How many times have quantum computers factored 15 anyway? I remember back in the late 90s or so when I was in grad school hearing at a conference that they'd factored 15 successfully for the first time. (And the immediate reaction I heard was someone asking, "What answer did they get?"
What's the largest number factored to date? (Obviously, the news here is that they think their computer is scalable... but it would be nice for someone to factor, say, 21, just for variety!)
Jim__
(14,076 posts)3. I believe 15 is the smallest number Shor's algorithm will work on - so it's a natural place to start
My belief is based on a short description of the algorithm given in wikipedia:
The problem we are trying to solve is: given an odd composite number N, find an integer d, strictly between 1 and N, that divides N. We are interested in odd values of N because any even value of N trivially has the number 2 as a prime factor. We can use a primality testing algorithm to make sure that N is indeed composite.

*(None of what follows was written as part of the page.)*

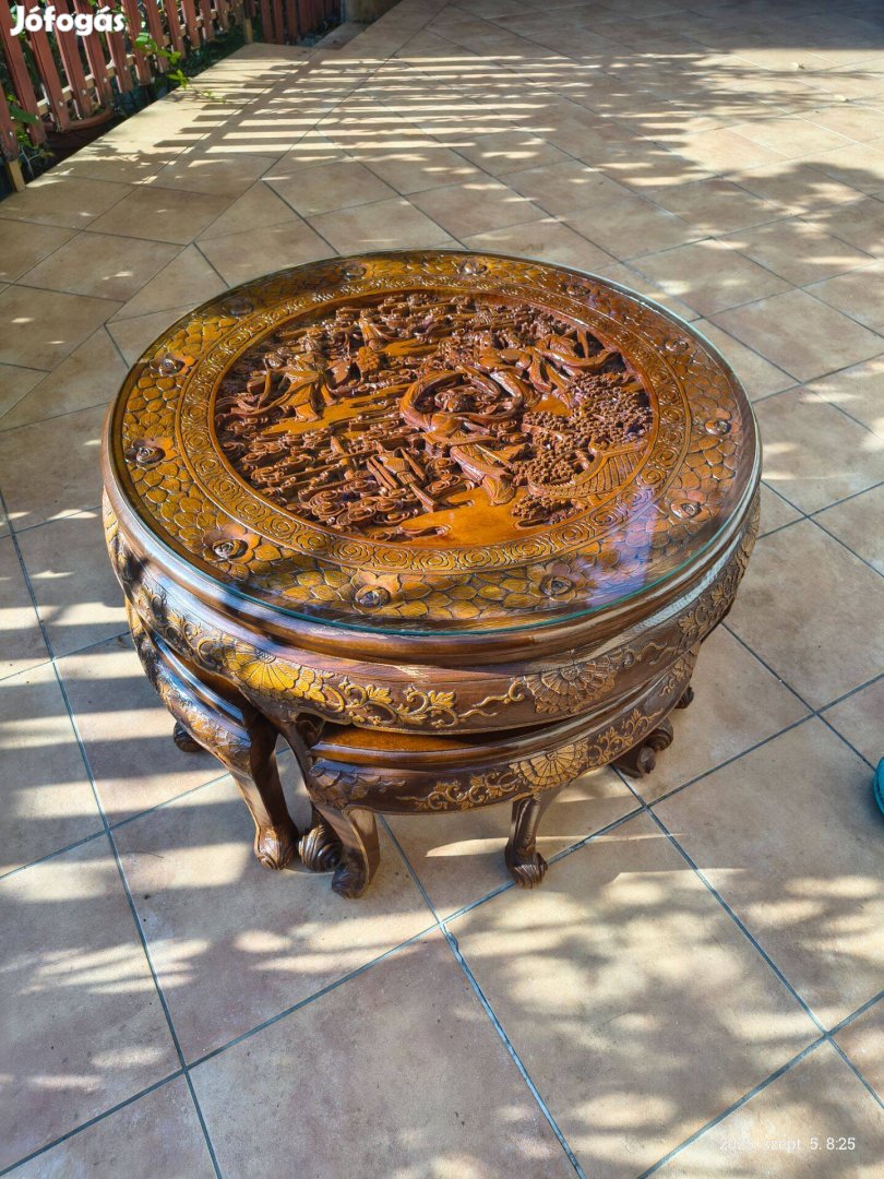Eladó 110 ezer forintért a képeken látható, Hong Kongban, a '60-as években kézzel faragott, rendkívül, látványos tea asztal, hozzávaló 4 kis székkel. Átvehető Újpesten. Nem postázom!

Moreover, for the algorithm to work, we need N not to be the power of a prime. This can be tested by checking that (N)1/k is not an integer, for all k <= log2(N).

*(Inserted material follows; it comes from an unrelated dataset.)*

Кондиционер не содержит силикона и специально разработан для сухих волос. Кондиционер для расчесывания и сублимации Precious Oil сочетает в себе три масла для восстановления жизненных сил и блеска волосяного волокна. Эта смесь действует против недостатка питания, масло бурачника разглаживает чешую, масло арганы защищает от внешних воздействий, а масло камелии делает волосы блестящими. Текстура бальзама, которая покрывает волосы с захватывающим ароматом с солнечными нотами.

Moreover, for the algorithm to work, we need N not to be the power of a prime. This can be tested by checking that (N)1/k is not an integer, for all k <= log2(N).
The same wiki entry does indicate that they have factored 21:
In 2001, Shor's algorithm was demonstrated by a group at IBM, who factored 15 into 3 × 5, using an NMR implementation of a quantum computer with 7 qubits.[4] After IBM's implementation, two independent groups, one at the University of Science and Technology of China, and the other one at the University of Queensland, have implemented Shor's algorithm using photonic qubits, emphasizing that multi-qubit entanglement was observed when running the Shor's algorithm circuits.[5][6] In 2012, the factorization of 15 was repeated.[7] Also in 2012, the factorization of 21 was achieved, setting the record for the largest number factored with a quantum computer.[8] In April 2012, the factorization of 143 was achieved, although this used adiabatic quantum computation rather than Shor's algorithm.[9] It was discovered in November 2014, that this adiabatic quantum computation in 2012, had in fact also factored larger numbers, the largest being 56153, which is currently the record for the largest integer factored on a quantum device.